Atmospheric methane (CH4) is the most important greenhouse gas after carbon dioxide. Because CH4 has a relatively short lifetime due to chemical losses in the atmosphere, it is expected that reducing CH4 emissions would mitigate global warming in a relatively short timeframe. However, sources of atmospheric CH4 are associated with a wide variety of processes such as fossil fuel production and consumption, agriculture, natural wetlands, and biomass burning, and our understanding of the full CH4 budget is limited. To better understand CH4 sources, an inverse analysis is one prominent methodology that estimates spatiotemporal variations of CH4 sources consistent with their prior estimates and atmospheric observations within specified uncertainties. In this study, we performed a long-term inverse analysis of CH4 fluxes with an inversion system named NICAM-TM 4D-Var (Niwa et al., 2017a,b). The inversion system is based on the atmospheric transport model NICAM-TM (Niwa et al., 2011), which has a homogeneous icosahedral grid system and mass conserving property. The horizontal model grid resolution was set to 223 km and the CH4 flux estimation was performed at the same resolution, though some spatial error correlations were introduced. The prior flux dataset includes wetland/rice cultivation emission and soil uptake estimated by the terrestrial ecosystem model VISIT (Ito and Inatomi, 2012). The other emission categories are provided from the ongoing Global Carbon Project (GCP)–CH4. In the inversion, several emission categories are separately estimated according to their seasonal and interannual variabilities. Compared with the prior estimates, the inverse analysis with ground-based station data estimated smaller emissions from East Asia and Europe, larger and smaller northern summer emissions from West Siberia and Hudson Bay Lowlands, respectively, and larger emissions from Bengal and Indochina areas. These changes estimated by the inversion are attributed to emissions from anthropogenic categories (mainly fossil fuel related), natural wetlands, and rice cultivation, respectively. The presentation will also address the reliability of the inversion estimates using independent aircraft data and examine the independence of each category emission estimate.


References
Niwa et al. (2011), Journal of the Meteorological Society of Japan.

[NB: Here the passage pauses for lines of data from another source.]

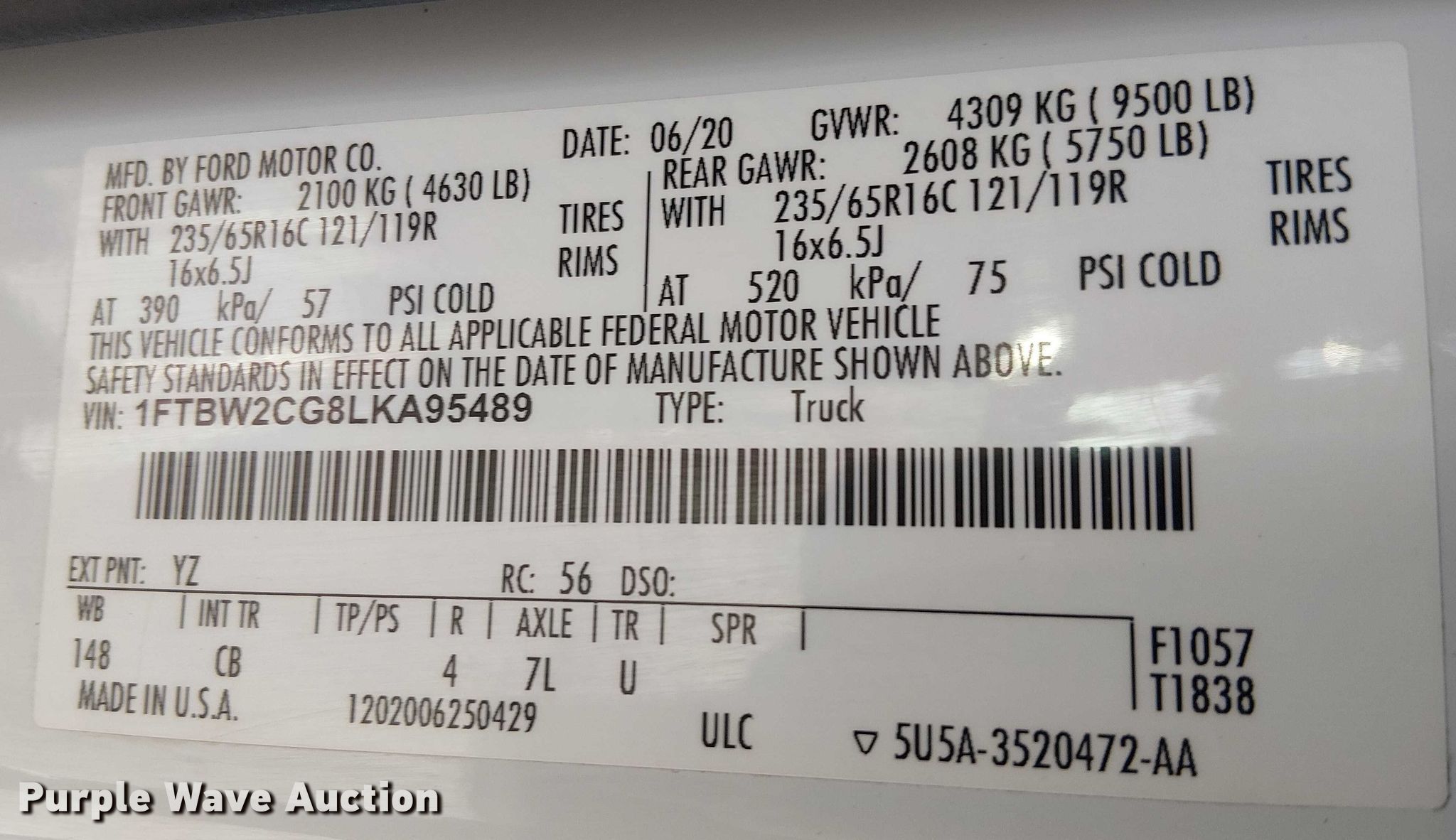 Purple Wave is selling a used 3/4 or 1 Ton Pickup or Van in Utah. This item is a 2020 Ford Transit 350 utility van with the following: Miles: 99,196 on odometer, Hours: 1,370 on meter, VIN: 1FTBW2CG8LKA95489
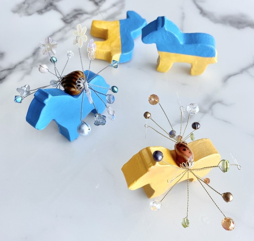 지난 4일 오픈한 김은영 작가 초대전 ‘편자, 피어나다’는 전시장 한 코너에 우크라이나 국기를 상징하는 파랑과 노랑으로 물들인 말 오브제들이 옹기종기 모여 있다. 우크라이나 평화를 기원하는 이 작품과 중앙에 전시된 100여개의 오브제의 판매 수익금은 모두 우크라이나 어린이를 위해 사용될 예정이다.
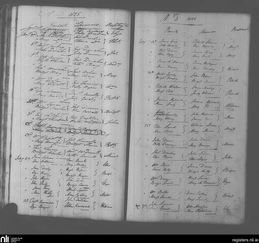 Portarlington; County of Laois, Offaly; Diocese of Kildare and Leighlin. Baptisms, Jan. 1825 to Feb. 1825
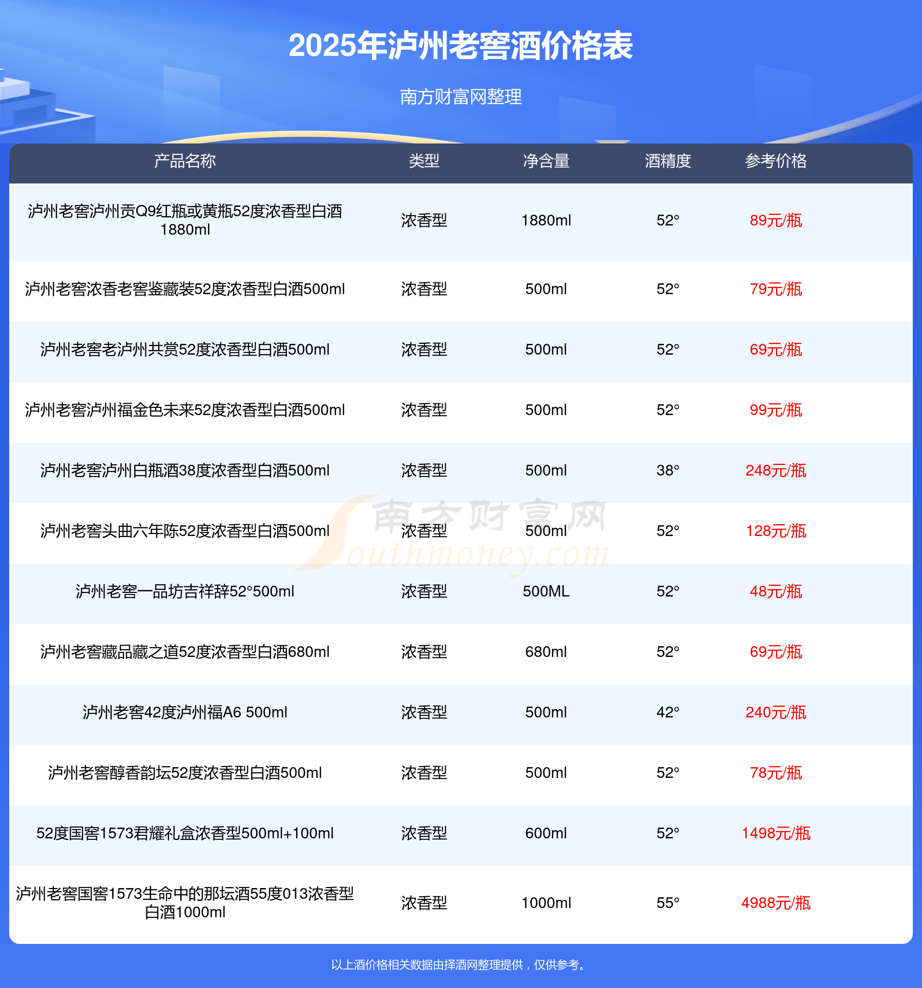 瀘州老窖國窖1573春釀鼠兆豐年E 55度參考價(jià)17999元/瓶、瀘州老窖國窖1573生命中的那壇酒55度014參考價(jià)9999元/瓶、瀘州老窖國窖1573春釀鼠兆豐年A 55度參考價(jià)5088元/瓶、瀘州老窖國窖1573生命中的那壇酒55度013濃香型白酒1000ml參考價(jià)4988元/瓶、瀘州老窖國窖1573生命中的那壇酒55度009 1000ml參考價(jià)4288元/瓶。
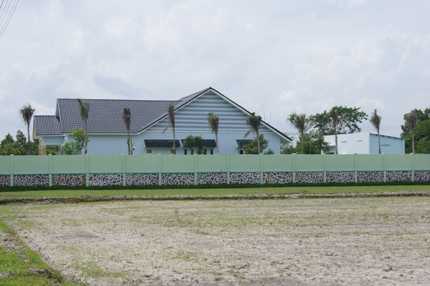 Khu biệt thự này nằm giữa cánh đồng, có tầm quan sát rộng ra xung quanh. Được biết, chủ nhân khu biệt thự cho xây dựng tường bao rồi mới xây nhà, dường như để tránh sự quan sát của những người xung quanh.
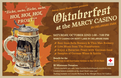 The Oktoberfest at the Marcy Casino will take place on Saturday, October 22nd from 1:00 PM until 7:00 PM at the Marcy Casino in Delaware Park, 199 Lincoln Parkway, Buffalo, NY 14222. Purchased tickets are a donation that goes directly to the American Red Cross. Event tickets can be purchased online at http://octoberfestinthepark.eventbrite.com. A limited number of tickets will be available at the door on the day of the event. A minimum donation of $5 is suggested. For more information on the event call the Marcy Casino at 716. 886.0088 or view online at www.facebook.com/marcycasino.
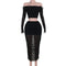 Fashionable Elegant Shiny Butterfly Mesh Off-shoulder Long Sleeve Mid-length Dress Set
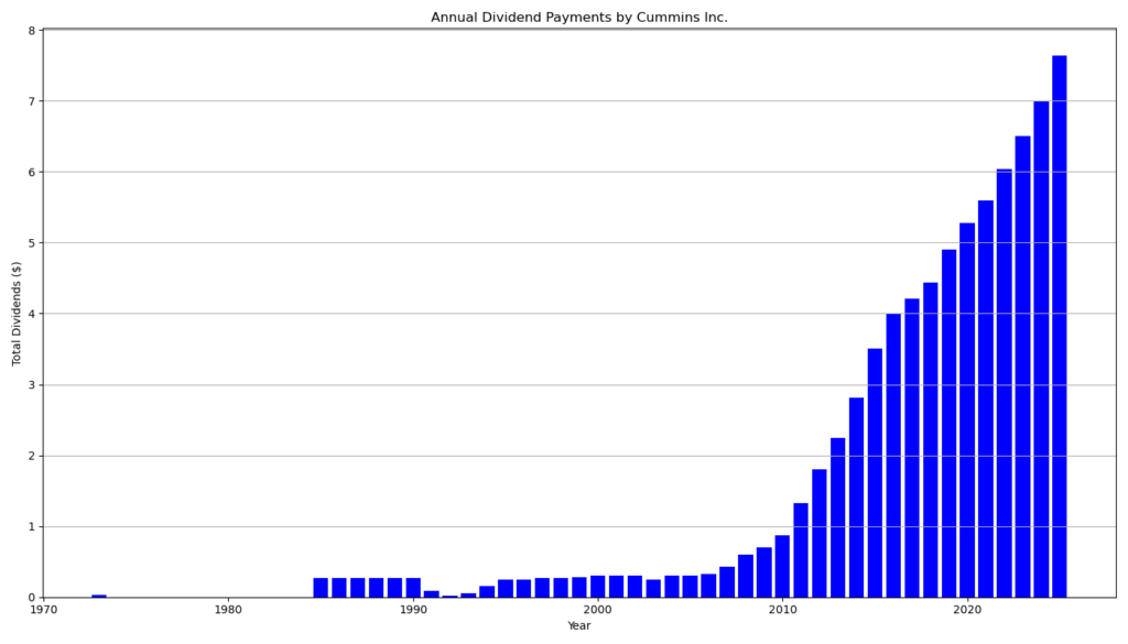 Cummins zahlt seit 36 Jahren ununterbrochen Dividenden. Seit 20 Jahren erhöht das Unternehmen die Ausschüttung ohne Unterbrechung. Die Historie zeigt einen klaren langfristigen Aufwärtstrend. Während die Dividende in den 1990er- und frühen 2000er-Jahren stagnierte oder schwankte, beschleunigte sich das Wachstum ab 2010 deutlich.
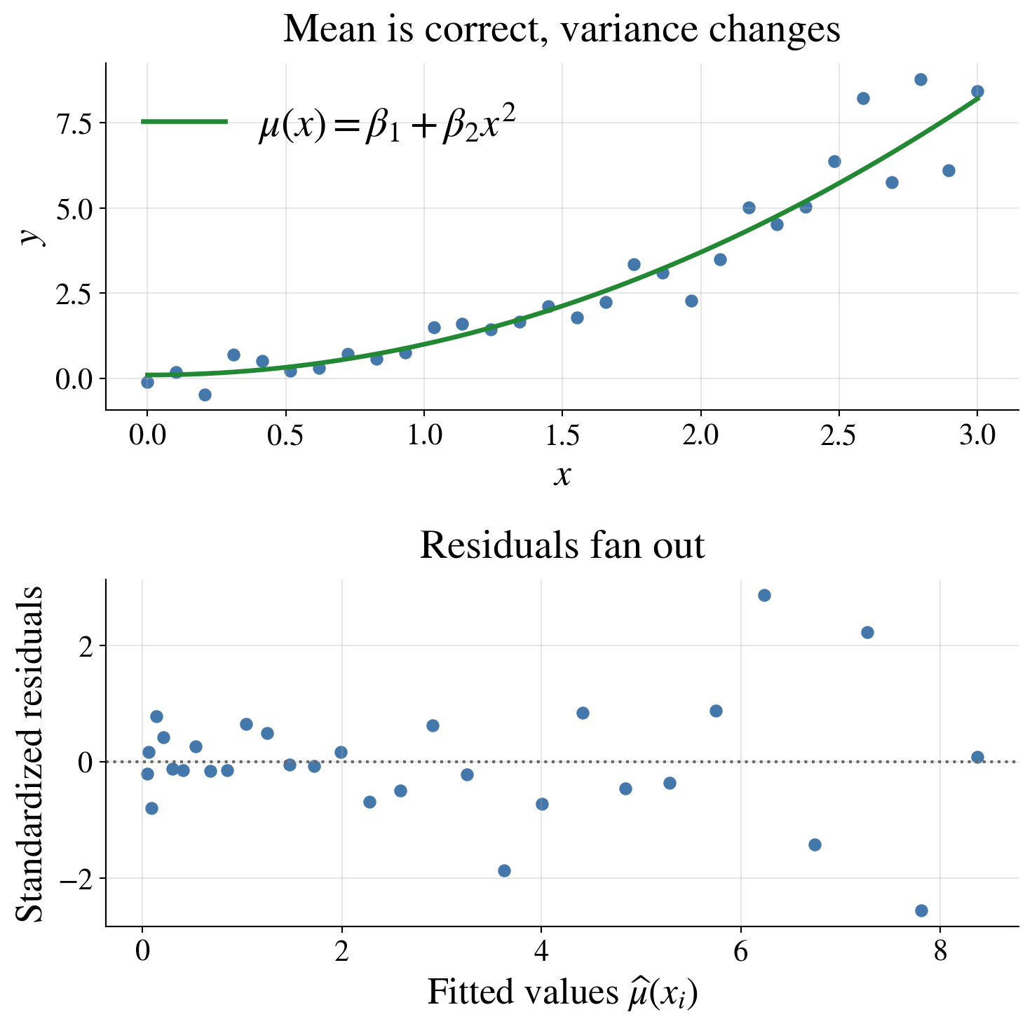 Model: \(Y = \underbrace{\vx^\top \vbeta}_{\mu(\vx)} + \varepsilon \quad\) with \(\Ex(\varepsilon)=0\), \(\var(\varepsilon)=\sigma^2\)

Ser. II, 89(3), 255–268.
Ito and Inatomi (2012), Biogeoscience, 9:759-773.
Niwa et al. (2017a), Geoscientific Model Development, 10(3), 1157–1174.

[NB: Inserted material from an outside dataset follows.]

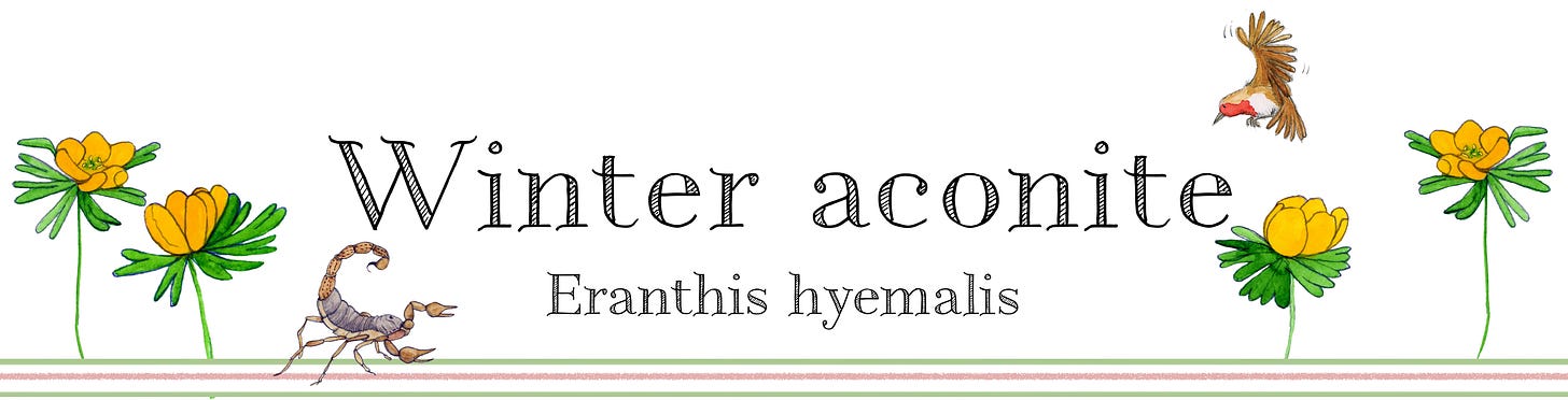Which one could see could be a problem for scorpions if aconites grew in the deserts and arid places where the scorpions tend to hang out, but the winter aconite prefers rich soil, preferably in shady woodlands. So scorpions don’t have too much to worry about. On the other hand, human beings would be unlikely to benefit from aconites “prevailing mightily’ against scorpion “bitings”, unless they were lucky enough to stumble across an apothecary who happened to have some aconite in his war chest that he’d collected from distant climes. A bit of a long shot.

Niwa et al. (2017b), Geoscientific Model Development, 10(6), 2201–2219.

Acknowledgement
This study is supported by the Environment Research and Technology Development Fund (2-1701) of the Ministry of the Environment, Japan. The authors acknowledge the Global Carbon Project–CH4 for providing the prior flux dataset, some of which is made under the support of the RUDN project "5-100". The authors also acknowledge Doug Worthy of Environmental Canada, Juha Hatakka of Finnish Meteorological Institute, Camille Yver Kwok of Laboratoire des Sciences du Climat et de l’Environnement, Sebastien Conil of Andra, and Kazuyuki Saito and other members of Japan Meteorological Agency for providing observational data of atmospheric CH4. This study used observational data of Advanced Global Atmospheric Gases Experiment (AGAGE). Operations of the AGAGE network are principally supported by the NASA Upper Atmospheric Research Program in the US, by the Department for Business, Energy & Industrial Strategy (BEIS) in the UK, by the Commonwealth Scientific and Industrial Research Organization (CSIRO) and the Bureau of Meteorology (Australia) in Australia, with additional support from the National Oceanographic and Atmospheric Administration (NOAA) in the US. Yosuke Niwa sincerely thanks the members of the NICAM team for developing and maintaining the codes of NICAM.